Given \(X=(X_{1},\dots ,X_{n})\), we abbreviate \(X_{-i}:=(X_{1},\dots ,X_{i-1},X_{i+1},\dots ,X_{n})\) and write \((X_{-i},z)\) shorthand for \((X_{1},\dots ,X_{i-1},z,X_{i+1},\dots ,X_{n})\). In what follows, we explicitly distinguish random variables \(X_{i}\) from specific realizations \(\bar{X_{i}}\).

Lemma 6.4

Let \(f\in \mathcal{F}_{\phi }^{n}\), let \(\bar{X}_{-i}\in [0,1]^{d(n-1)}\) and let \(t\ge 0\). Then,
$$\begin{aligned} \mathop {\mathrm {E}}_{X_{i}}[\mathrm {BP}_{d}(X_{-i},\delta _{t}(X_{i}))\mid X_{-i} =\bar{X}_{-i}]\le \mathop {\mathrm {E}}_{X_{i}}[\mathrm {BP}_{d}(X_{-i},X_{i})\mid X_{-i}=\bar{X}_{-i}]+dt\phi . \end{aligned}$$
Symmetrically,
$$\begin{aligned} \mathop {\mathrm {E}}_{X_{i}}[\mathrm {BP}_{d}(X_{-i},\delta _{-t}(X_{i}))\mid X_{-i}= \bar{X}_{-i}]\ge \mathop {\mathrm {E}}_{X_{i}}[\mathrm {BP}_{d}(X_{-i},X_{i})\mid X_{-i}=\bar{X}_{-i}]-dt\phi . \end{aligned}$$

Proof

Let N be the smallest number of bins required to pack the items \(\bar{X}_{-i}\).
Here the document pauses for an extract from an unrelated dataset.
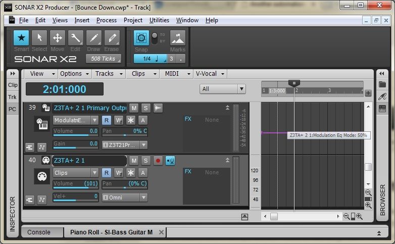 Well that's weird. Last night, my automation tooltips were showing things like "Reaktor5: EnFo..Cutoff.." I open the project this morning, and the tooltips are displaying in full like yours. Could this be a Windows related thing, in that Tooltips are a system wide setting and something was happening on my computer last night which made all of them shorter? It's not the first time I've been frustrated by shortened Tooltips in automation lanes. Also, what's the deal with automation parameter units in Sonar? How come they don't always seem right? For instance, last night the parameter I mentioned above was showing units of 0 - 200 in the automation lane. This morning, it's showing 0 - 100%. And what's with the number in the box with the parameter slider (to the immediate left of the automation lane)? The manual says that "The slider position represents the current value of the envelope" - which it does, but the number in the corner of the box rarely represents the actual value of the envelope. For instance, in the lane I'm working in now, that value is stuck on 80. It doesn't matter if I move the slider up or down, or what the current value of the envelope is. It stays at 80. Is this a bug, or am I misunderstanding what this value is supposed to represent?
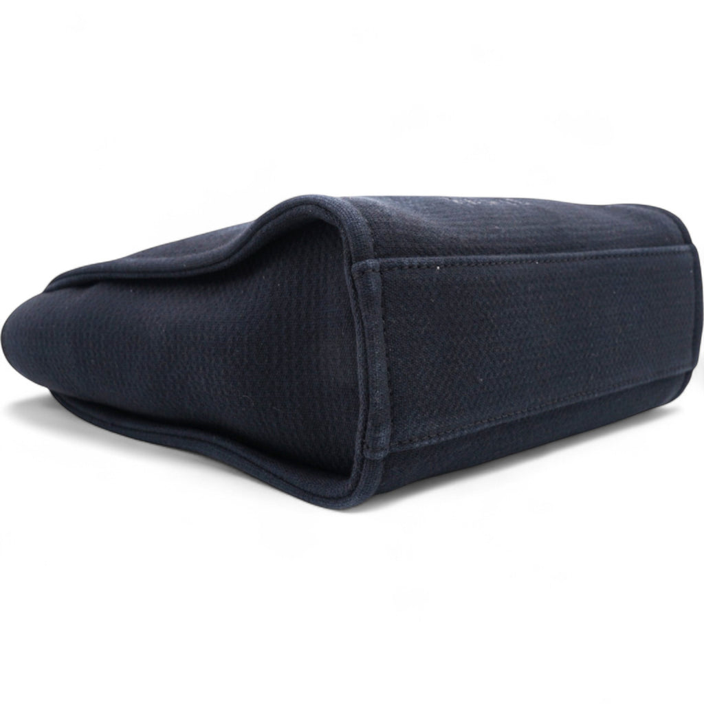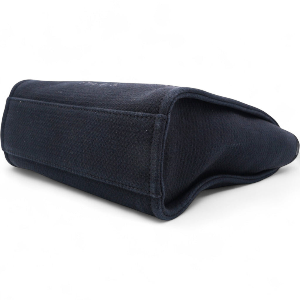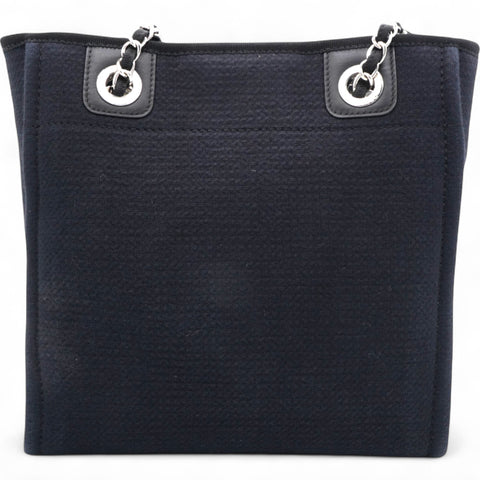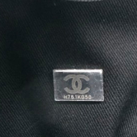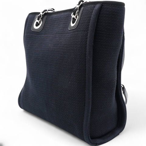 | This stylish handbag is crafted of fine fibers in blue with an embroidered Chanel Rue Cambon Paris logo. It features black rolled leather top handles, black fabric top trim, and black leather threaded light silver chain shoulder straps. The top is open to a black fabric interior with zipper, patch pockets, and a removable pouch. |

Clearly, \(N\le \mathrm {BP}_{d}(\bar{X}_{-i},X_{i})\le N+1\), since any packing of \((\bar{X}_{-i},X_{i})\) must also pack \(\bar{X}_{-i}\) and it suffices to place element \(X_{i}\) in its own bin to obtain a bin packing with only one additional bin.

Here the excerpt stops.